> [WHAT IS REQUIRED]
Your answer should be only the lines below from the one with "Vasque Slide à" to the one with "Your post will", repeated exactly, ends included.

** Opening PROVIDED DATA block **

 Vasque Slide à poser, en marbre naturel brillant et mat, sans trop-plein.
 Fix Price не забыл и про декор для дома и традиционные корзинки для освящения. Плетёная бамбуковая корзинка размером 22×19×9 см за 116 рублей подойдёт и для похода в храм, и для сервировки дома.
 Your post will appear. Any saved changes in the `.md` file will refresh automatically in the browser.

** Closing PROVIDED DATA block **
** Opening PROVIDED DATA block **

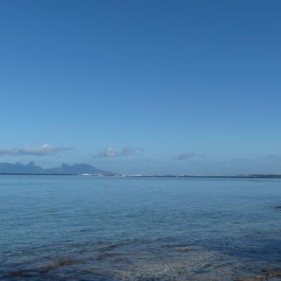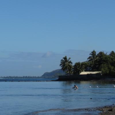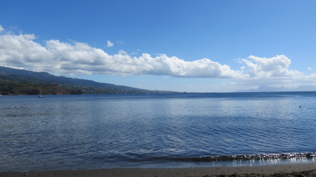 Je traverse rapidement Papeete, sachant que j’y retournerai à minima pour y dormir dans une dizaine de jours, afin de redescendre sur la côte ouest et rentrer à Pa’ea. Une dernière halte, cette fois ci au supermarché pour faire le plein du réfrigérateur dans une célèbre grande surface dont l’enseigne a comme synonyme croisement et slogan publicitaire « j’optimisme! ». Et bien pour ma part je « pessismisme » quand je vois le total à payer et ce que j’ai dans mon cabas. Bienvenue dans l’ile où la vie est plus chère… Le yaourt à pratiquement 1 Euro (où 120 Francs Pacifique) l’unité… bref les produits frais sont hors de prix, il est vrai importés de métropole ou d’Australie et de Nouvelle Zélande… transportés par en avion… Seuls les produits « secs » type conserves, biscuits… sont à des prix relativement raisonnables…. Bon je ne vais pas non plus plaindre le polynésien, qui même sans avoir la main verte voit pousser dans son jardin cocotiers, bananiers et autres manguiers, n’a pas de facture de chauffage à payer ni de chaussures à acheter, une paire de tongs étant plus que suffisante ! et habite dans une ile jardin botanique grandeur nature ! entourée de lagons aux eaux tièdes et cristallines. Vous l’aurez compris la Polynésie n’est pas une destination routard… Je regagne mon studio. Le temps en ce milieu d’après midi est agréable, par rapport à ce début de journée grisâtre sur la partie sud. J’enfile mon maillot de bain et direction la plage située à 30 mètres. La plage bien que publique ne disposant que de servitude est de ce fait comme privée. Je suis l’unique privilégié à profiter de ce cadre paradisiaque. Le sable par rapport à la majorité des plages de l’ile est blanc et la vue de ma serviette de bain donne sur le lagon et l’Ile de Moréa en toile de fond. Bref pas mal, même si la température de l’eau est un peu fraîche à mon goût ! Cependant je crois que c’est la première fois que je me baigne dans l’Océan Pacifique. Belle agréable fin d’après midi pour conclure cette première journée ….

** Closing PROVIDED DATA block **

> [TASK SOLUTION]
 Vasque Slide à poser, en marbre naturel brillant et mat, sans trop-plein.
 Fix Price не забыл и про декор для дома и традиционные корзинки для освящения. Плетёная бамбуковая корзинка размером 22×19×9 см за 116 рублей подойдёт и для похода в храм, и для сервировки дома.
 Your post will appear. Any saved changes in the `.md` file will refresh automatically in the browser.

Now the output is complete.